Dataset extract |
BEGIN

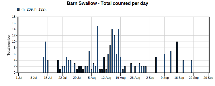 Barn Swallow (47/55) Total Number 209 Max [15 8/8) Date Span (7/13-9/22)
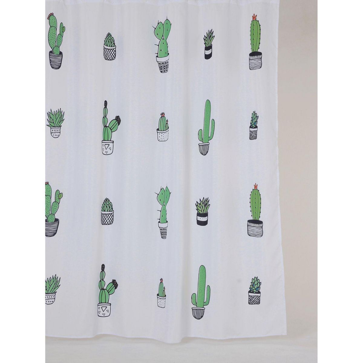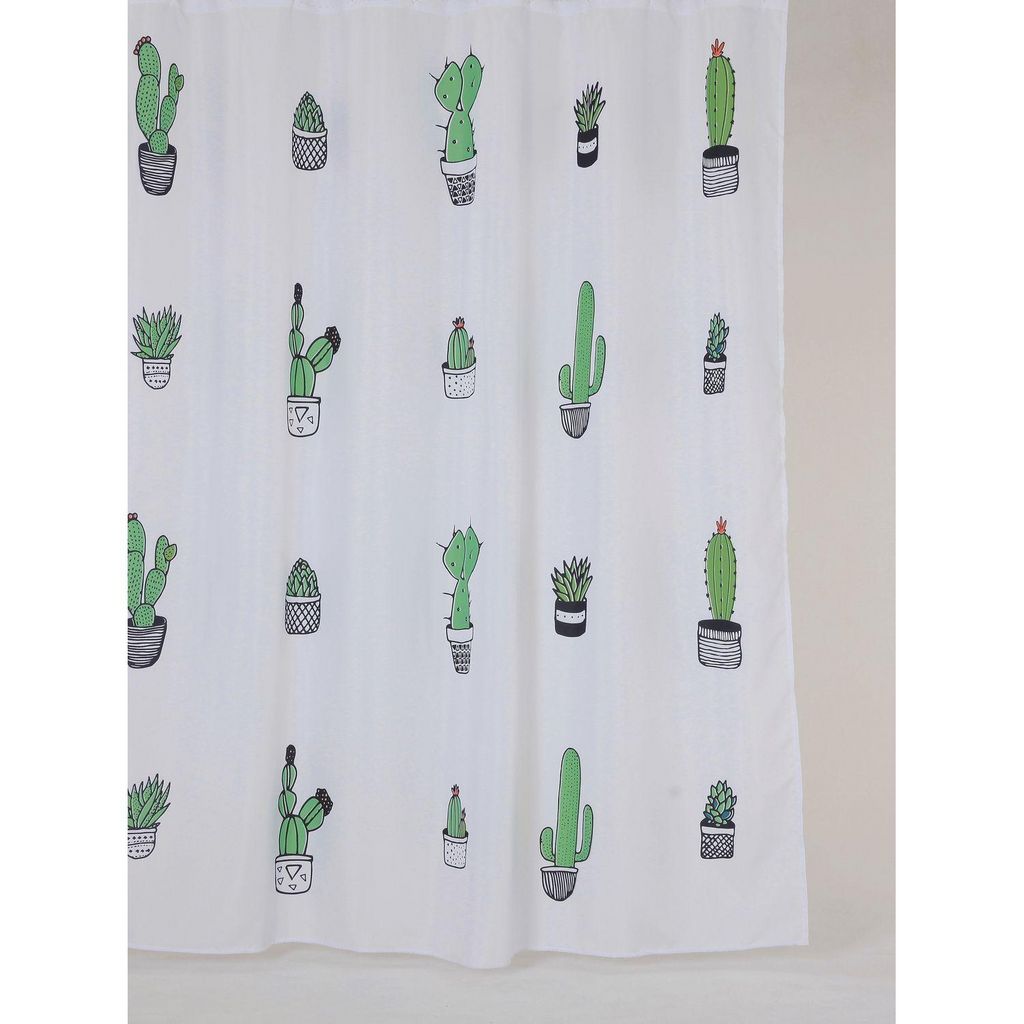 Rideau de douche tropical CACTUS - 180 x 200 cm - Blanc
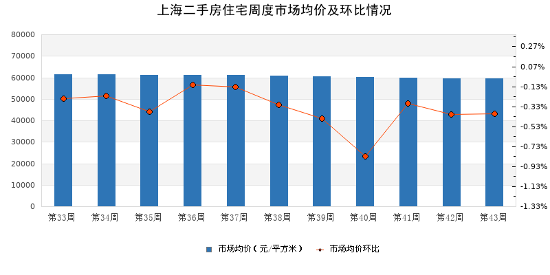 价格方面,市场仍面临下行压力。根据诸葛找房数据研究中心的监测,上周上海二手住宅市场均价为59431元/平方米,环比下降0.4%,延续了近期的回调态势,显示出业主预期持续松动,通过价格让步以加速成交已成为普遍策略。

END

In the copy, include exactly the lines from the one with "Rideau de douche" through the final line of the data, both ends included, and no pictures.

 Rideau de douche tropical CACTUS - 180 x 200 cm - Blanc
 价格方面,市场仍面临下行压力。根据诸葛找房数据研究中心的监测,上周上海二手住宅市场均价为59431元/平方米,环比下降0.4%,延续了近期的回调态势,显示出业主预期持续松动,通过价格让步以加速成交已成为普遍策略。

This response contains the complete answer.